[Access to Wang masthead]

Using Script Languages

Part 5 (Perl, Part 2)

From "VS & Beyond",  Access to Wang, May 1998
  [ Prior Article ]     [ Return to the Catalog of articles ]     [ Next Article ]  

This month continues our series on scripting languages with some additional information on the Perl language. As I indicated previously, there is far more to the Perl language than scripting purposes; indeed, it could be considered a complete application language unto itself. This time we'll look at how Perl can be used to produce text output for a variety of purposes, including simple reports and CGI (Common Gateway Interface) applications in applications for the World Wide Web.

Formatted text

Perl has powerful ways to format and present data, as you'd expect from a language designed for reporting and data presentation. Though delivery of this information is primarily directed to Standard Output (e.g. the screen), there are some good alternatives to this.

Last month's script sample showed how the print statement dumps the contents of a variable to the screen (Standard Output) unless directed elsewhere. In that case, a file name was constructed and teamed with a select statement to intercept this output and direct it into the contents of a text file rather than to Standard Output. In this script, the print statement stood alone - there was nothing indicating what should be printed. This illustrates use of one of Perl's built-in variables - known as $_ (a dollar sign plus an underscore) - that automatically receives some types of input, including the contents of records read in from the input file loop. (Other built-in variables are available; consult Perl manuals for details.)

Like the echo statement in Unix, the print statement will remove some types of formatting information (including tabs), resulting in a presentation that may differ from what you had in mind. There are several ways to avoid this outcome:

The first example illustrates how simple formatting can be done using string concatenation. In Perl's syntax, the periods between variable names and literal values tie elements together to form a new line. If you've worked C or some other script languages, you'll recognize the \t value at a means of specifying a tab character; it's enclosed in quotes but the Perl interpreter will replace it with the value of a tab as the print statement is executed.

The second alternative - the sprintf command - is borrowed from the C/C++ environment. It's used for specific control of the presentation of a single element, where the results of the formatting activity are placed within another variable for use in format or print statements. Here is an example of how a numeric data item would be formatted to show a date:


sprintf("%02d-%s-%02d   %02d:%02d",
    $mday, $MoY[$mon], $year, $hour, $min);

Sample output: 01-May-98 13:54

In this example, the values of the local time and date would be placed within a format that specifies a two-digit day, a string for the month, and two digits each for the year, hour, and minute.

More text control using format

If you want more control over the presentation of date, Perl's format statement is a better choice.

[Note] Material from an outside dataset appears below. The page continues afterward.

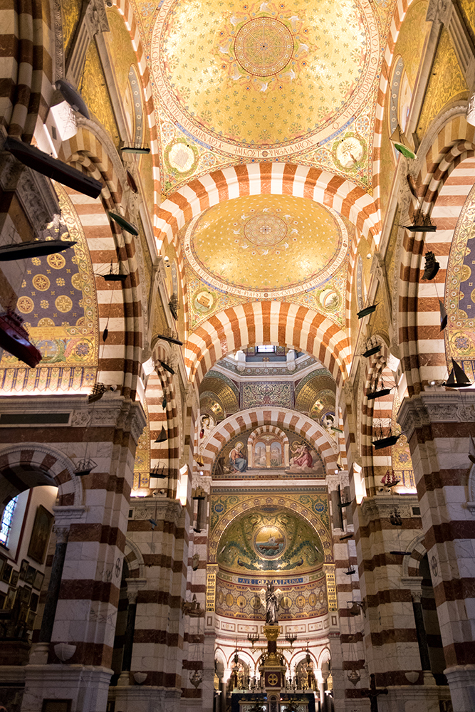 Inside, Notre-Dame de la Garde was different from any of the other cathedrals we had visited. It had a festive design with a bold striped pattern and gilded elements. Little boats hung in strings from the ceiling, and intricate mosaics adorned the walls.

It is similar in construction and use to the PRINT USING functions in BASIC: a series of formatting characters and a corresponding list of the variables that must be inserted into them, in the order they must appear. format statements are coupled with the write statement (rather than print) and identified by a name. The format lines may be located anywhere within the script, but are normally close to the statements that use them. Though it is not a requirement, it is assumed that most formatted output would have more than the single variable ($_) used in the sample script from last month to present; in typical use, this means the record has already been broken into single variables for further handling.

Figure 1 shows a code fragment that uses a format statement as discussed. The format is named in line 1; this name corresponds to the output file name shown below that line. Line 2 shows a left-aligned character of about thirty characters, while the following line indicates that the contents of $name are to be inserted into that format line. Other formatting lines alternate with the names of the variables to be included within them. Note that lines 6 and 7 define a printed line that presents the contents of three variables. The single period in the first column (line 8) closes the format statement.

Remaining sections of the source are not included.